We are talking on one hand about ancient texts written in ancient languages by humans who were part of their culture and times. That presents a huge problem in just rendering their words "accurately" in modern English, much less the underlying cultural contexts. But that is the job of scholars.

On the other hand, we have the spiritual interpretation of those words and that context written so long ago. In what sense are those words "accurately representing" some kind of "divine reality"?

I have sort of hand a discussion with volgadon on a similar issue and I raised questions about if Kabbalah is "true". In other words, is there anything "real" to be learned about the nature of God from Kabbalah, when it is totally within a Hebrew context. If you know no Hebrew, you cannot possibly understand Kabbalah. You may read about it, but it will always feel foreign and odd. Yet surely God reveals his truths for everyone- so what do we do with "truths" which are so restricted to one culture?

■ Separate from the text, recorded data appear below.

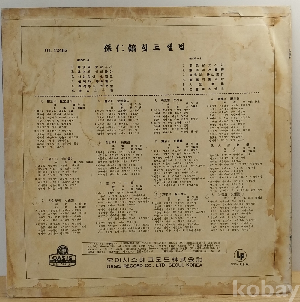 손인호 힛트앨범 (이별의 성당고개 / 하룻밤 풋사랑) 오아시스레코드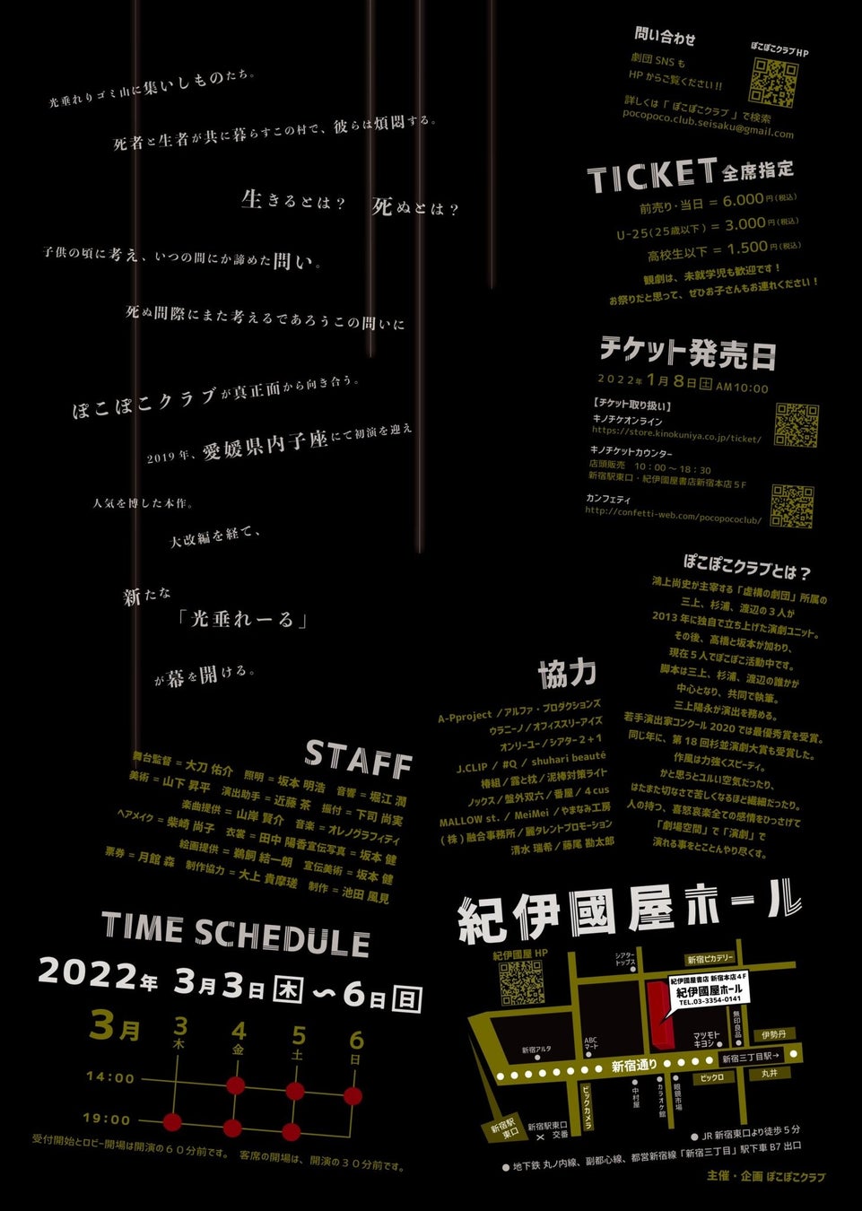 ぽこぽこクラブvol.8『光垂れーる』が2022年3月3日(木)〜2022年3月6日(日)に紀伊國屋ホール(東京都新宿区)にて上演されます。2019年、重要文化財・内子座にて初演を迎え、圧倒的な世界感で人気を博した本作。2020年若手演出家コンクールで最優秀賞を受賞した演出家による大改編を経て、新たな『光垂れーる』が幕を開けます。チケットはカンフェティ(運営:ロングランプランニング株式会社、東京都新宿区、代表取締役:榑松 大剛)にて発売中です。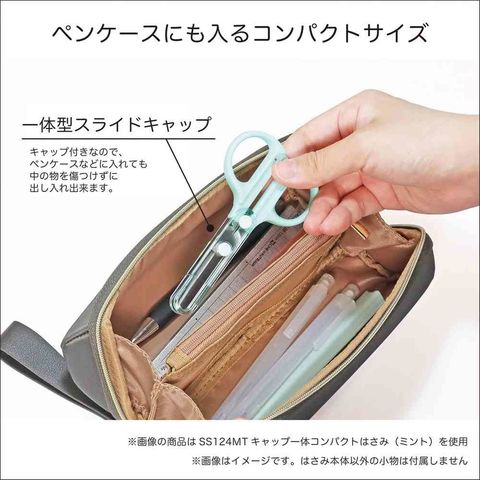ハサミ本体と一体型のスライドキャップを採用することでキャップの紛失を防止します。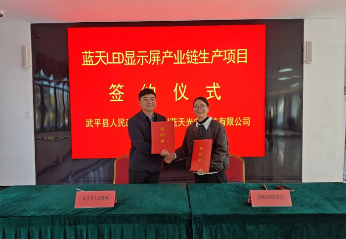 據(jù)“ 武平發(fā)布”消息,由福建省武平縣商務(wù)局引進(jìn)的藍(lán)天LED顯示屏產(chǎn)業(yè)鏈生產(chǎn)項(xiàng)目于1月2日舉行簽約儀式。該項(xiàng)目由泉州藍(lán)天光電科技有限公司負(fù)責(zé)建設(shè),擬投資5.1億元。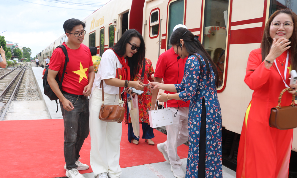 PPC Vice Chairman Mai Son, together with leaders of the Department of Culture, Sports and Tourism and Tu Son ward, welcomes the first visitors of the cultural tourism train at Tu Son station. |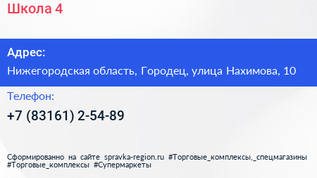 Школа №4 по адресу Нижегородская область, Городец, улица Нахимова, 10 в дальнейшем Организация, размещена в следующих категориях: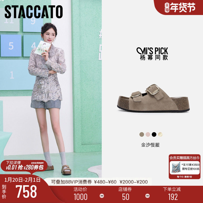 杨幂同款思加图新款金沙慢履勃肯鞋外穿凉拖鞋ED104BT5C

Whatever our understanding of scripture, if it be "literal" (meaning according to our present understanding of what those words probably mean, as translated and commented upon by competent scholars) or "figurative", allegorical, symbolic etc, it must be guided by the Spirit.

I think we can never totally escape our cultural "vocabularies"- all these truths will be filtered by our cultural prejudices. But certainly it is appropriate to interpret some scriptures literally- as volgadon has pointed out, especially the commandments for example.

But which we take literally and which we take figuratively is a decision we need to make individually in the creation of our own understanding of where we stand in relation to God and the universe, as determined by the Spirit. We can never surrender that to anyone else in slavish acceptance of dogma.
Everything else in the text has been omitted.